### Instructions to follow:
Go to the line with "Vallabh Govt. College, Mandi" in the records below, then output it and each following line exactly, up to and including the line with "May 2: Windy". Skip pictures and add nothing.

### Data to use:

------

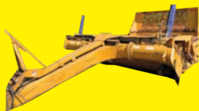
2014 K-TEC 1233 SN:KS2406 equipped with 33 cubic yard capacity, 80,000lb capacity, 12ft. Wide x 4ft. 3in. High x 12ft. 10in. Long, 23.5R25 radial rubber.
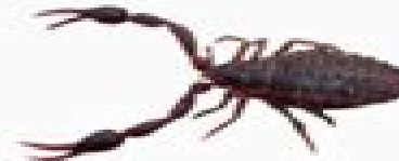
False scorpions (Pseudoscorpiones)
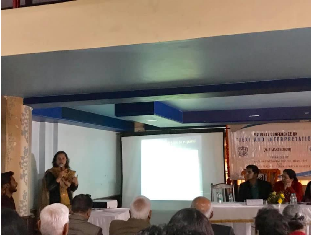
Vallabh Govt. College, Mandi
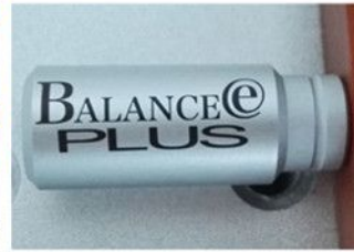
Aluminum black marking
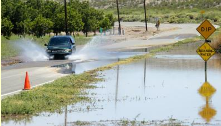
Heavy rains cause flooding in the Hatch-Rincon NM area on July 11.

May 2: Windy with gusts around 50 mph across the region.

------

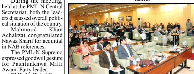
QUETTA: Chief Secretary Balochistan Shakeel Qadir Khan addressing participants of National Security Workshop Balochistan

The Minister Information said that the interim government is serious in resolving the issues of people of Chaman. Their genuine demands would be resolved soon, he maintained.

------

### Written response:
Vallabh Govt. College, Mandi
Aluminum black marking
Heavy rains cause flooding in the Hatch-Rincon NM area on July 11.

May 2: Windy with gusts around 50 mph across the region.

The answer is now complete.